Find out more about our HR Advisory services here.
We’re also running a dedicated webinar; Employment Rights Act 2025: Critical Changes Before April 2026, where our experts, Simon Obee and Jhecie de Chavez, walk through the most urgent reforms and what employers should prioritise now.
Frequently Asked Questions
The Employment Rights Act 2025 is a significant piece of UK legislation that reforms employment law across the entire employee lifecycle. The Act introduces stronger worker protections, new employer obligations and increased enforcement powers, affecting areas such as unfair dismissal, sick pay, flexible working, harassment, zero-hours contracts and redundancy consultation.
The Employment Rights Act 2025 does not take effect all at once.
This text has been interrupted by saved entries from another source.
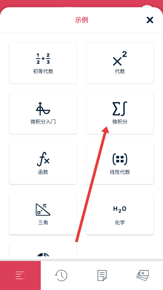 2、在功能示例页面中,可以点击微积分选项进入查看相关功能。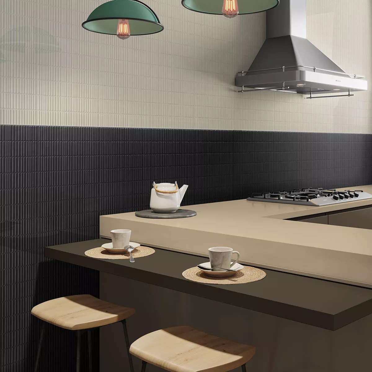 The striking relief structure gives these glazed earthenware tiles a fascinating dimension that brings your walls to life. In the timeless colour black and with a glossy surface, they bring a touch of luxury and sophistication to any room.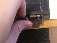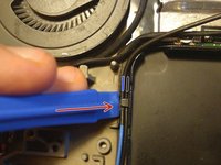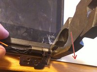 Take the prying tool and carefully lift the metal clip on the flat connector above the right hinge.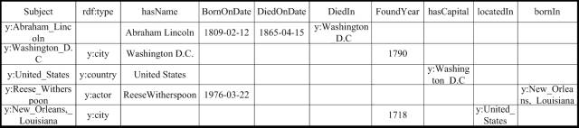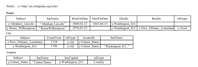 下图1展示了一个人物类百科的 RDF 三元组的知识图谱数据集。例如 y:Abraham_Lincoln 表示一个实体 URI(其中y表示前缀http://en.wikipedia.org/wiki/),其有 3 三个属性(hasName,BornOndate,DiedOnDate)和一个关系(DiedIn)。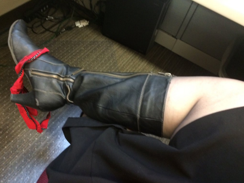 Kenneth1 Habe heute noch was vor, daher dieser Look im Büro ;-) ...warum sehen meine Kolleginnen im Büro bloß nicht so heiß aus wenn sie noch was vor haben? sehr schöne Bilder...besonders das mit dem Slip am Stiefel 😊 da wird es doch sofort zu eng in der Hose...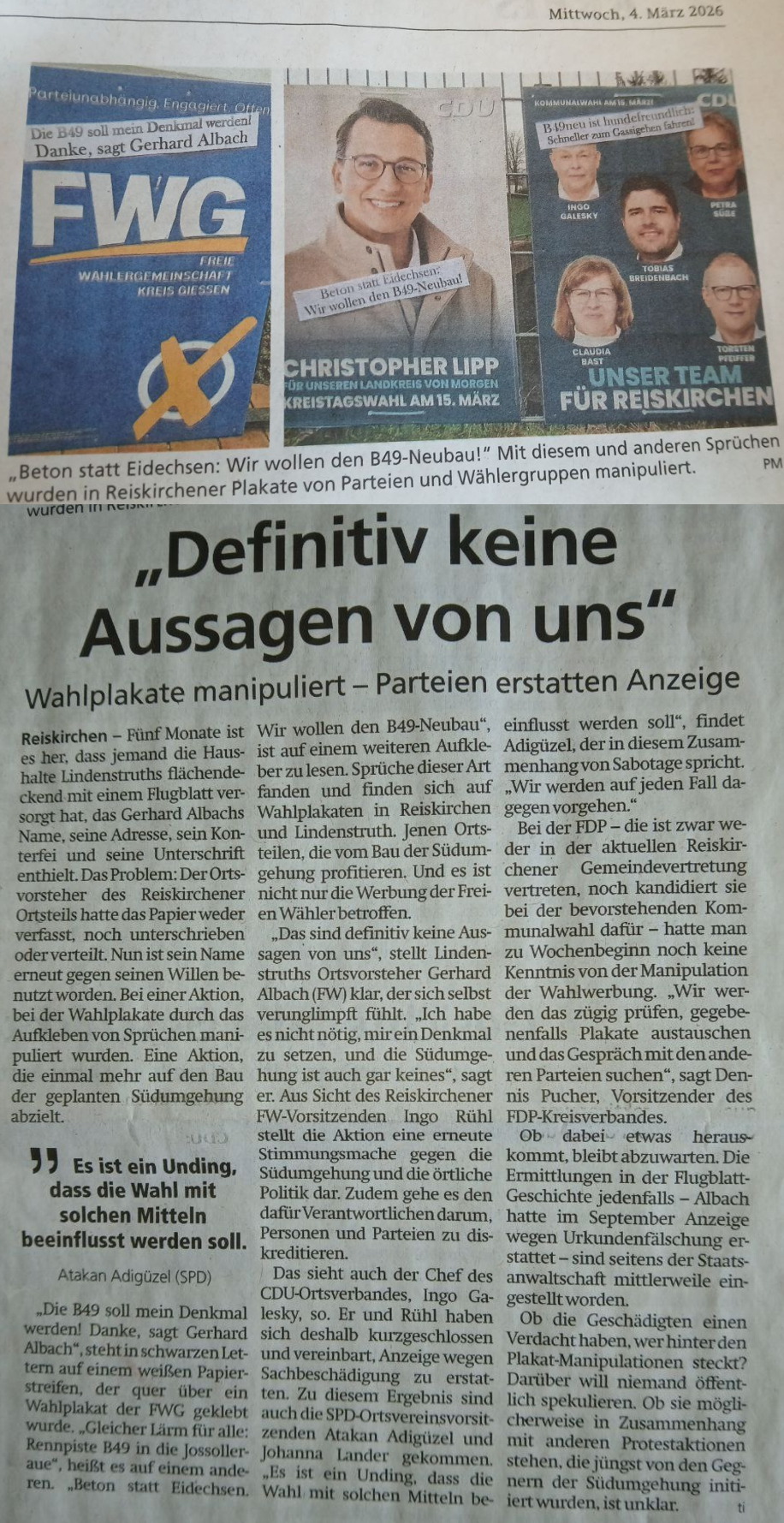 Bericht "Kreative Wahlplakate in Reiskirchen warnen vor Neubau der B49" mit mehr Fotos, in: Gießener Zeitung am 26.2.2026

Changes will be phased in from April 2026 through to 2027, with different provisions coming into force at different times. Some details will also be set out in future regulations, meaning employers should monitor developments closely.
The Act applies to UK employers of all sizes, although some obligations will only apply to employers meeting specific thresholds (for example, equality action plans for employers with 250 or more employees). Certain protections will apply to employees, while others extend to workers, including those on zero-hours or low-hours contracts.
Under the Employment Rights Act 2025, employees will gain the right to claim unfair dismissal after six months’ service, rather than the current two-year qualifying period. The cap on compensation for unfair dismissal claims will also be removed. These changes are currently planned to take effect in January 2027.
Fire and rehire will not be banned outright, but the Employment Rights Act 2025 will significantly restrict when and how employers can use this practice. Threatening dismissal to force contract changes will carry higher legal risk and employers’ ability to replace staff on inferior terms will be limited from April 2026.
Yes. Statutory sick pay (SSP) will become a day-one right under the Employment Rights Act 2025. Employees will be entitled to SSP from the first day of sickness absence and the lower earnings limit for eligibility will be removed. These changes are planned to come into force in April 2026.
The Employment Rights Act 2025 introduces new duties for employers to offer guaranteed hours to zero-hours and low-hours workers, based on hours worked over a reference period. Employers will also be required to give reasonable notice of shifts and compensate workers where shifts are cancelled or changed at short notice. These changes are planned for 2027.
Employers should begin preparing by reviewing HR policies, auditing current compliance practices, training managers on higher-risk decisions and planning for increased enforcement. Although many changes take effect in 2026 and 2027, early preparation will help reduce legal risk and avoid rushed policy changes later.
Legal accuracy checked on [28/01/2026]. Last updated [30/01/2026].